Я привыкла к тому, что мои желания не исполнялись. Я даже смирилась с этим и тихо страдала в одиночестве. Как ни странно я осознавала все свои страдания и принимала их. Я жила с ними и относилась к ним, как к части своей жизни. Можно сказать, моя индивидуальность, непохожесть на других заключалась в бесконечном страдании. Все это стало выражаться в моей одежде, моем макияже и вечно скорбном выражении лица.
Утром, надев черные штаны и водолазку, сверху все это прикрыв черной накидкой, еще набросав на лицо привычный макияж, состоящий из черных теней на глазах и черной помады на губах, я выдвигалась в школу. Я всегда немного опаздывала, потому что любила ходить по пустым коридорам школы. Учителя отчаялись воспитывать во мне пунктуальность, быстро поняли бесполезность своих замечаний, насмешек и упреков. Между мной и педагогическим коллективом сложился негласный компромисс. Когда я заходила в класс, они не обращали на меня внимания и, как ни в чем не бывало, продолжали делать свою работу. Одноклассники большей частью меня сторонились, что меня вполне устраивало. Но в восьмом классе появилась какая-то Даша из параллельного класса, которая начала меня доставать.
Каждый раз, когда мы сталкивались в коридоре, неминуемо возникала словесная перебранка. Обычно, Дашка была окружена какими-то вертихвостками, которые бесконечно хихикали, чтобы она там ни сказала.
В один раз наша встреча имела особенно острый характер.
– О, это ты. А я думала смерть к нам пришла, – услышала я, когда Дашка поравнялась со мной в коридоре.
– Смотри, как бы за тобой смерть не пришла, – ответила я каким-то шипящим голосом. Я всегда неосознанно быстро реагировала на разного рода оскорбления. В такие минуты эмоции молниеносно охватывали меня всю без остатка. От злости тело начинало трясти, а голос становился глухим и хриплым.

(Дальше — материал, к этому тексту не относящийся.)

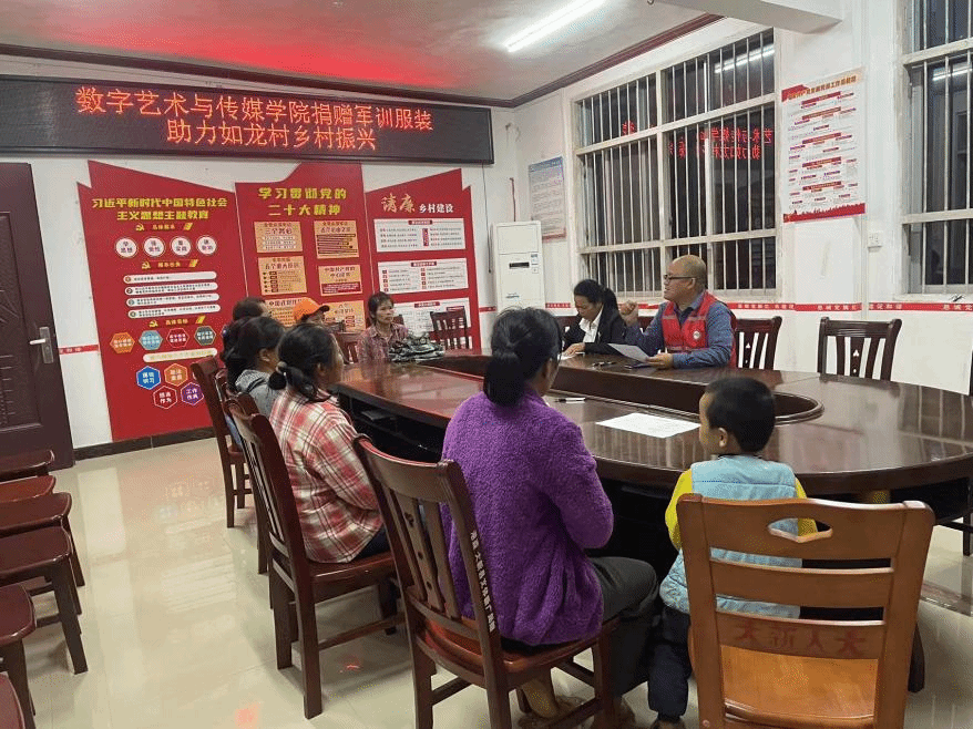 数字艺术与传媒学院 吴家媚报道 为了助力乡村建设,2024年11月22日下午,数字艺术与传媒学院组织了一场别开生面的军训服装捐赠活动,数艺学子积极响应,将自己在军训期间穿着的200余套军训服捐赠给了我校定点帮扶村恩城乡如龙村。

– О, ты, смотри, это чучело еще и разговаривать умеет, – с язвительной улыбкой на лице заявила Дашка. Окружающие ее вертихвостки, как и полагалось шестеркам, тут же бросились ублажать свою хозяйку язвительным смехом.
– А по морде от чучела получить не хочешь, пустозвонка? – хрипела я, глядя ей в глаза. Когда я во власти злости, меня ничто не может удержать, и я бесстрашно бросаюсь на врага. Даже если враг был не один. Иногда в такие минуты мне становилось, немного жаль, что я такая одна, что не было рядом единомышленников, таких же злых и несчастных. К величайшему моему сожалению все вокруг чему-то радовались и не знали, что такое истинное страдание.
– Сегодня после школы на стадионе покажешь, что ты есть, – сказала Дашка.
– Буду с нетерпением ждать, – прохрипела я.